The objective of this study is to ascertain the systemic exposure of the active ingredient in
Granexin® gel (aCT1 peptide) after topical application to diabetic foot ulcers using
pharmacokinetic analysis. It is planned that a total of 16 patients with diabetic foot ulcers
will receive Granexin® gel treatment plus standard of care in this one arm study. The study
includes a screening period (1 week) and a treatment period (1 week) which occur sequentially
for a given patient. The baseline day, which demarcates the beginning of the treatment
period, is the designated as Day 0. Screening procedures are initially conducted on Day -7.

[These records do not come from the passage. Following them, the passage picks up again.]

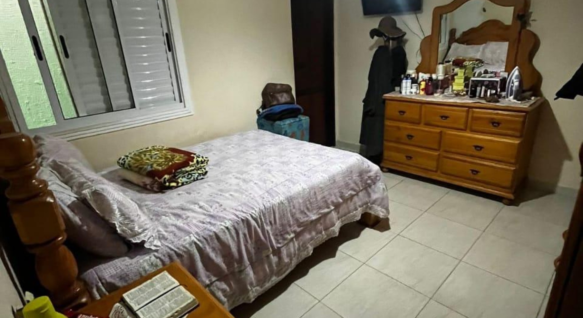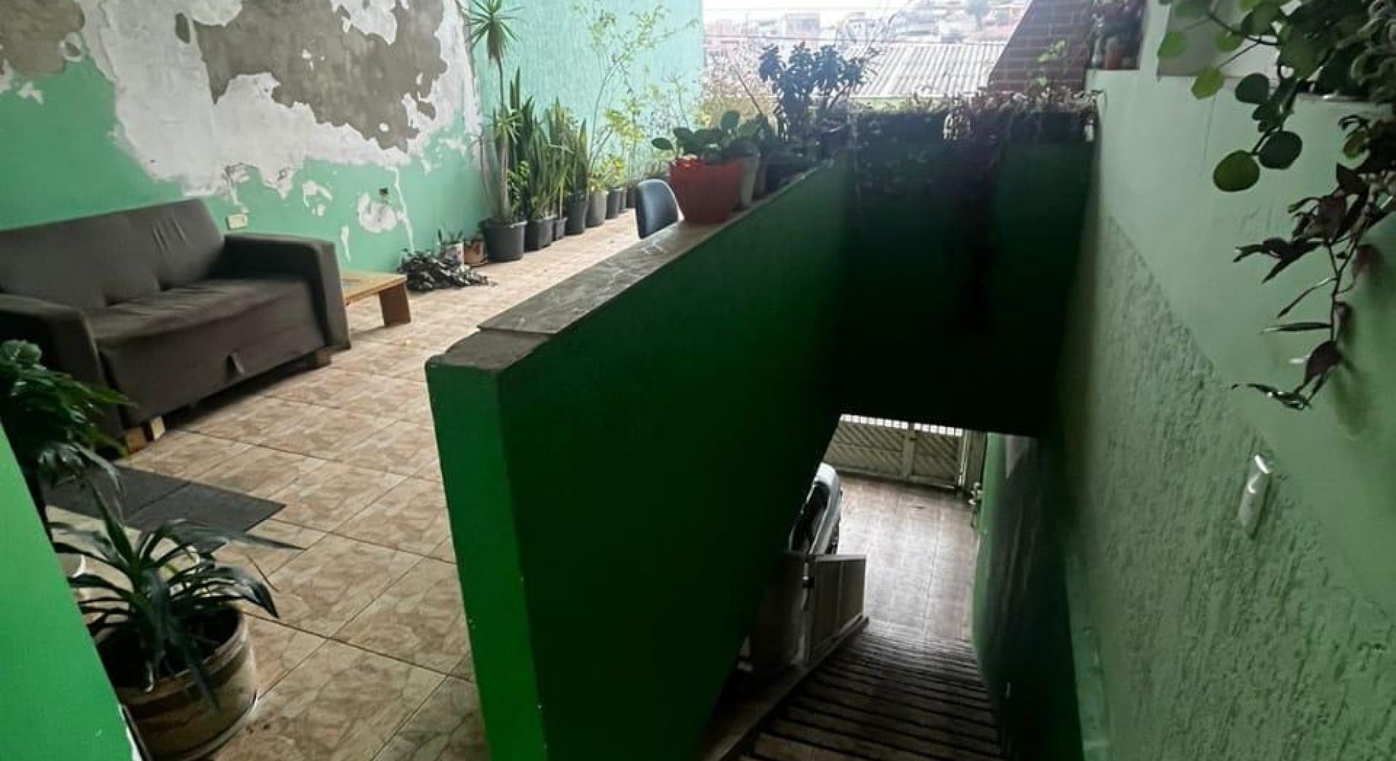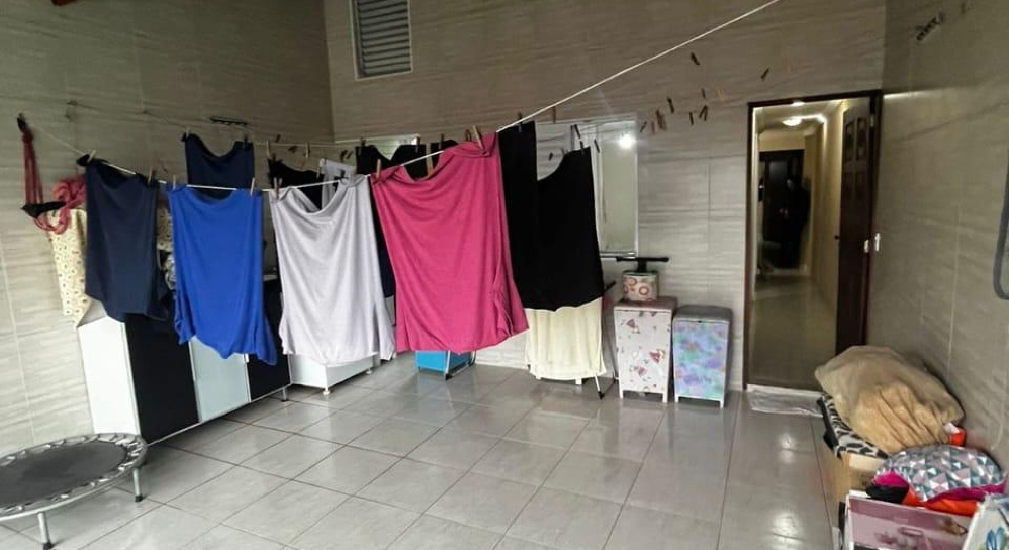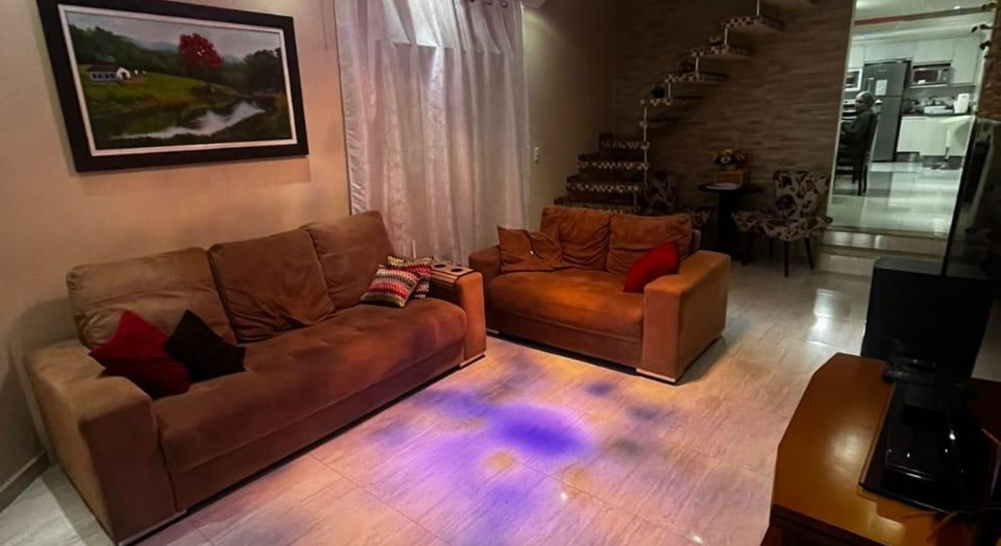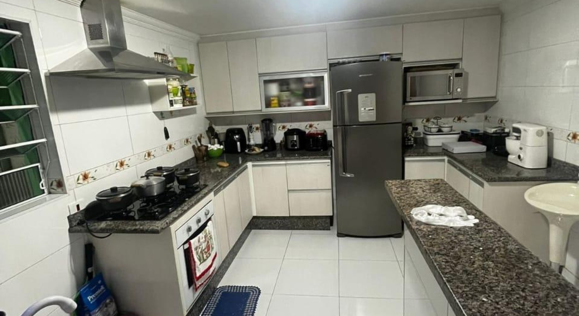Tem 3 quartos, sala de jantar e sala de estar, cozinha, área de serviço com churrasqueira, e garagem com vaga até 2 carros.
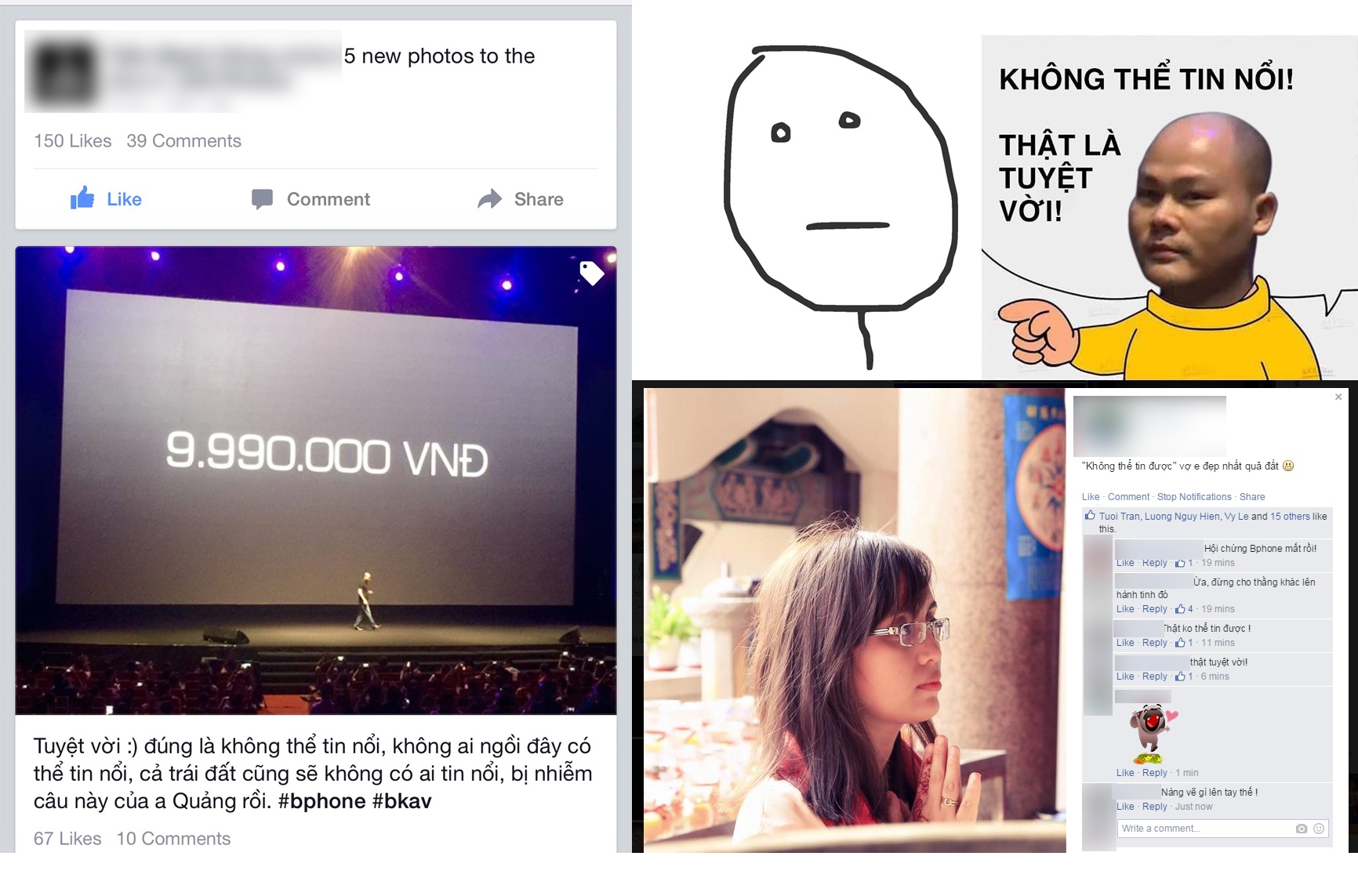 | Cộng đồng mạng Việt Nam hài hước chế ảnh và sử dụng lại câu nói "thật là tuyệt vời", "không thể tin nổi" của CEO Bkav ở khắp mọi nơi. |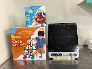 今年度は<IHヒーター><図形キューブつみき><くみくみスロープ>を寄付していただきました。学校再開後、教育活動に使わせていただきます。ご支援ありがとうございました。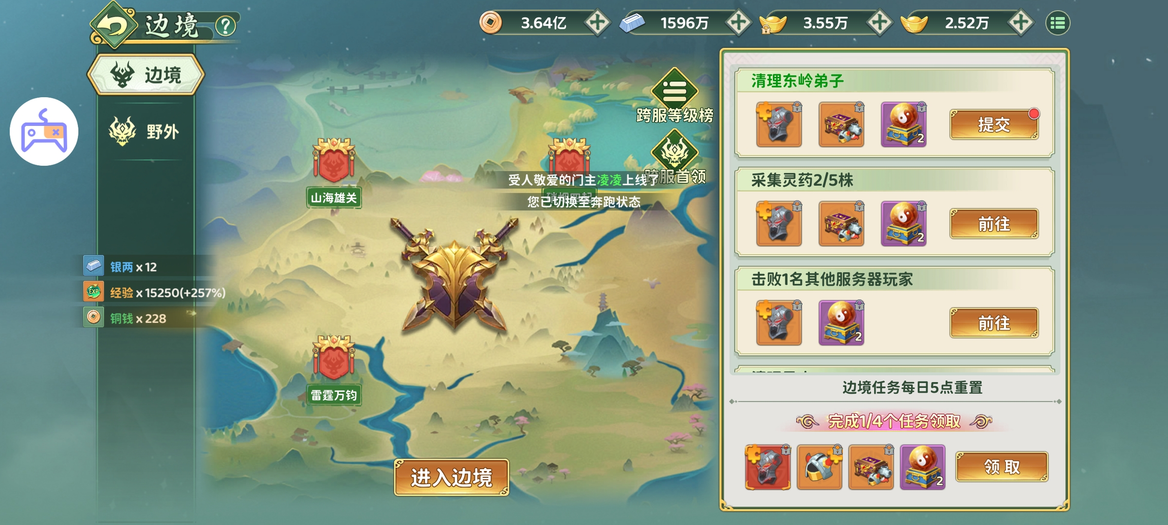 先把基础规则说明白,这是咱老玩家办事的规矩。跨服边境直接点边境图标更省事,右上角边境按钮进入边境游戏就会自动跑图,进入边境。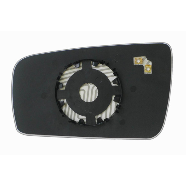Сменный элемент зеркала асферической формы, которое устанавливается в корпус наружного зеркала. Благодаря специальной более выпуклой геометрии поверхности элемента зеркала водитель получает расширенный угол обзора и эффективный контроль за дорожной ситуацией в слепых зонах. На изображении элемент зеркала с обратной стороны.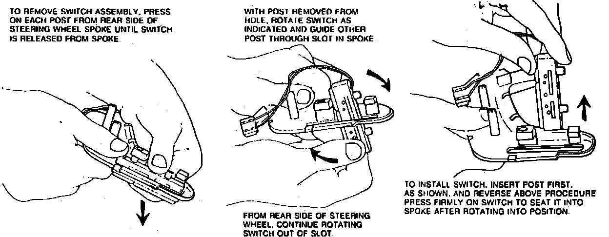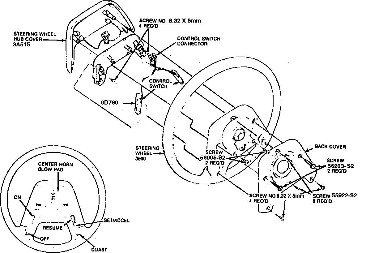 4. Remove six screws retaining back cover to the steering wheel. Separate back cover from steering wheel, then disconnect control switch electrical connector.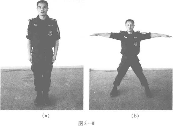 动作要领由并腿跳起分腿落地双手侧平举再由分腿跳起并腿落地双手放下重复以上动作(见图3-8)。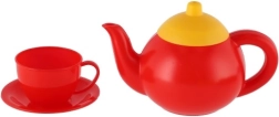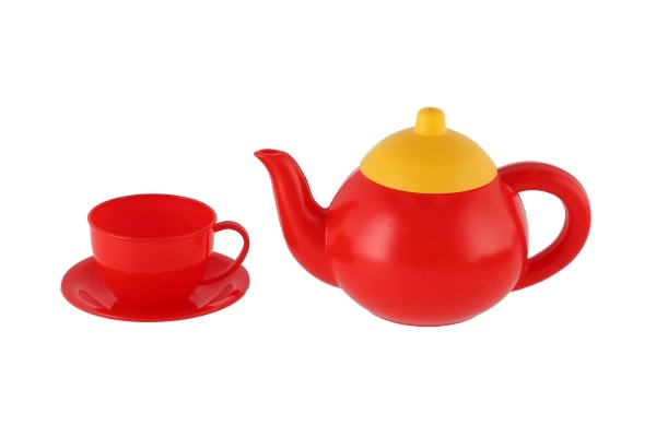 Červená konvice a čtyři barevné hrníčky s podšálky umožní připravit a „podávat“ čaj celé rodině nebo kamarádům.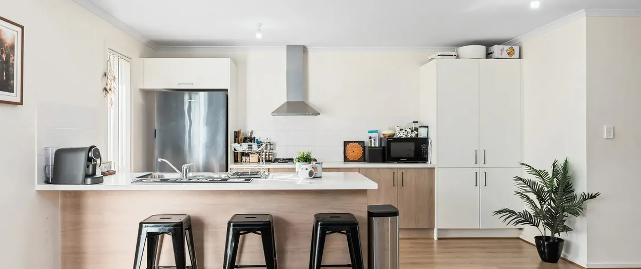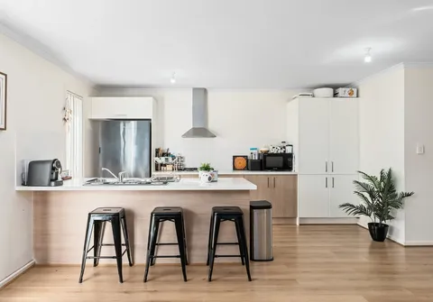 - Modern kitchen with stainless steel dishwasher, oven and gas cooktop, equipped with ample cupboard and bench space, complete with breakfast bar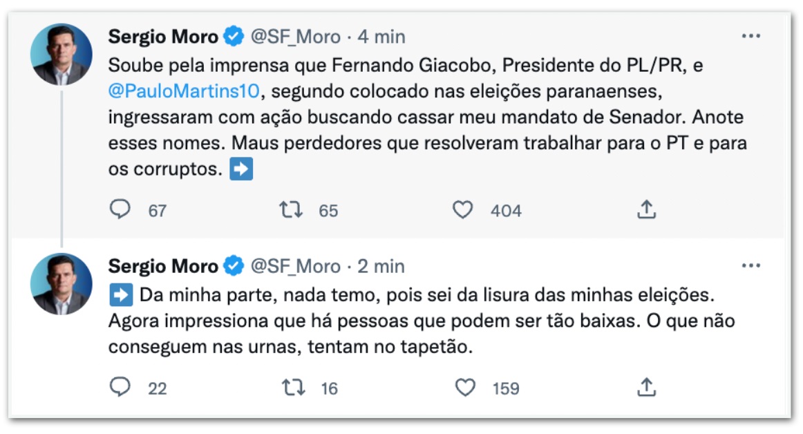 Em seu perfil no Twitter, ao comentar o pedido de cassação do PL do Paraná à Justiça Eleitoral, o ex-juiz disse que “nada teme” porque sabe da “lisura” de sua eleição. Afirmou que se impressiona “que há pessoas tão baixas”.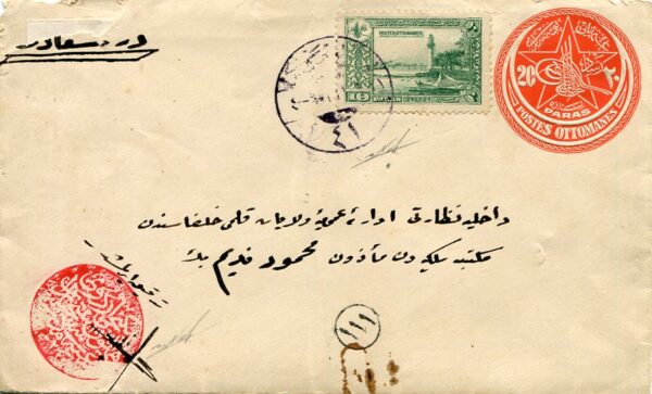 Türkiye – Ottoman Military: 1915 (21 August). 20pa postal stationery cover with part contents additional franked with 10pa for war orphans tax tied by SAHRA POSTASI 41 datestamp and İKİNCİ ORDUYU HÜMAYUN İSTİHBARAT MÜDÜRİYETİ (Second Army Intelligence Directorate) negative seal and on reverse 6 September arrival cds. Letter written by Esat Pasha (a.k.a. Yanyali, later Mehmet East Bülkat). Part letter inscribed Seddülbahir (Cape Helles). FPO 41 used by the Second Army located in Dardanelles at that time.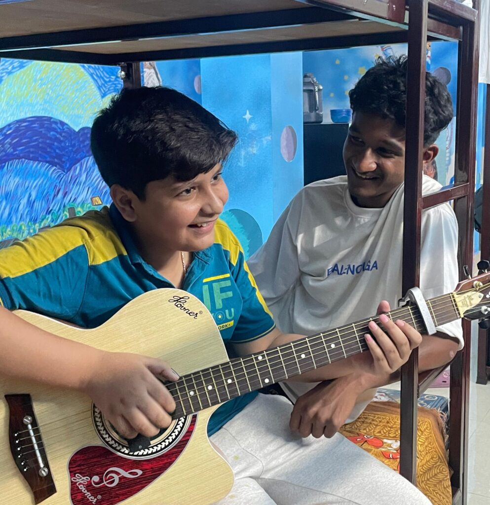 We have coaching for Kickboxing, Football, dance, music, etc. for our hostellers. In addition to these, we have Yoga session daily in the morning to foster mental and emotional well-being of each and every child residing in our hostels.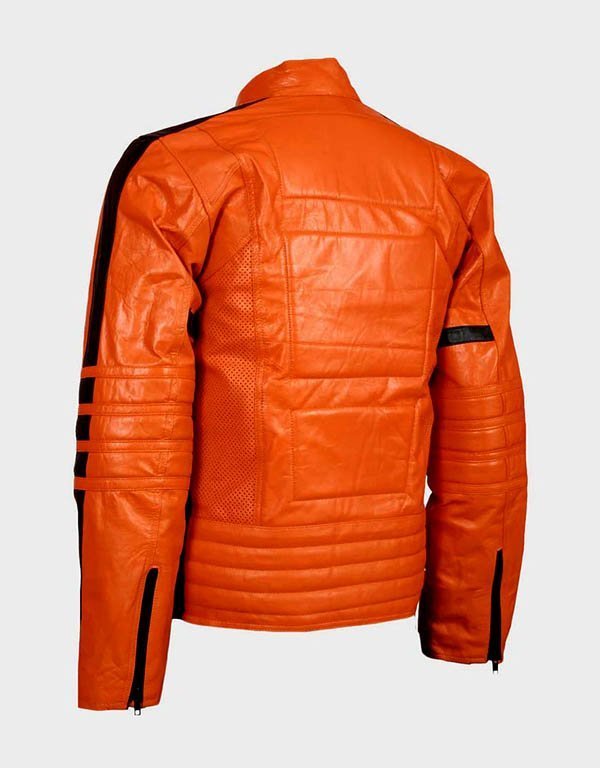 The Orange Leather Biker Jacket makes a bold statement with its vibrant, eye-catching color and rugged motorcycle style. Crafted from premium genuine leather, this jacket offers durable protection and a comfortable fit for everyday wear or the open road. Key features include a heavy-duty front zipper, adjustable waist straps, and padded elbows to keep you safe and stylish. Perfect for riders and fashion-forward men alike. Important specs: 100% genuine leather, bright orange color, padded elbows, adjustable waist, sturdy zipper.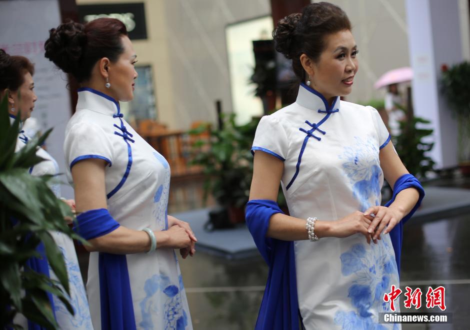 A model team composed of middle-aged women in cheongsams performs in the show with the theme of “Nanjing Week at the Expo Milano”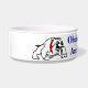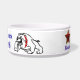 as classes da obediência são para a bacia customizável do buldogue dos Wimps. Esta bacia vermelha e branca engraçada do alimento para cães ou da água tem o texto da "classes obediência é para Wimps" com um cão engraçado do touro dos desenhos animados que funciona em torno da bacia e de uma estrela do vermelho e do ouro com o símbolo da anarquia na parte traseira. Aperfeiçoe para todos os amantes do cão ou do animal de estimação especialmente aqueles com um cão impertinente. Adicione seu próprio nome de animal de estimação para um presente inteiramente customizável e personalizado do animal de estimação ou do cão.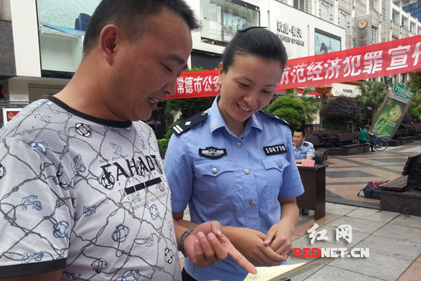 红网常德5月15日讯(通讯员 吴林芳)5月15日是全国打击和防范经济犯罪宣传日,湖南省常德市公安局在市区金钻商业步行街广场举办了主题为“打击防范经济犯罪·护航改革·保障民生”的现场宣传活动。活动现场,民警通过展示典型经济犯罪案例图板,向社会各界充分反映公安经侦部门在维护市场经济秩序、严打制假售假等方面取得的突出成果;发放《警惕传销手段》、《警惕银行卡犯罪》等宣传资料、卡片2万余份,向广大群众揭露常见多发的制假售假、传销、非法集资等与群众利益密切相关的经济犯罪手段,提高群众自我防范意识;设立民警咨询台,为现场群众提供法律咨询服务和相关政策宣传讲解300余人次。

A target foot ulcer is identified at screening and patient eligibility is confirmed at
screening and then again at the beginning of the Day 0 (baseline) visit. A patient enrolled
in the study may have multiple ulcers on the same or either foot; in this case, all ulcers
will be treated with Granexin® gel, but only ulcer(s) meeting the following criteria will be
designated as the target ulcer(s) and will determine eligibility: >4cm2 in post debridement
of at least 4 weeks duration.
The treatment period for a given patient begins on Day 0 and ends one week later; the last
scheduled day of the treatment period is designated as Day 7. During the treatment period,
each patient is scheduled to receive topical treatment with study drug gel (3 applications
total) administered by study staff at scheduled study site visits at each of the following
time points: Day 0, Day 3, and Day 7. All patients, regardless of treatment assignment, also
receive standard-of-care treatment at scheduled study visits during the treatment period.
Study drug pre-application blood samples will be collected from each patient at Day 0, Day 3,
and Day 7. Study drug post-application blood samples will be collected at Day 0 and Day 7 at
time points specified in the protocol. These blood samples will be shipped to a designated
laboratory for pharmacokinetic analysis.
Safety will be assessed during the treatment period by monitoring adverse events, measuring
vital signs at each visit, performing physical examinations, electrocardiograms (ECG), as
well as pharmacokinetic (PK) blood analysis.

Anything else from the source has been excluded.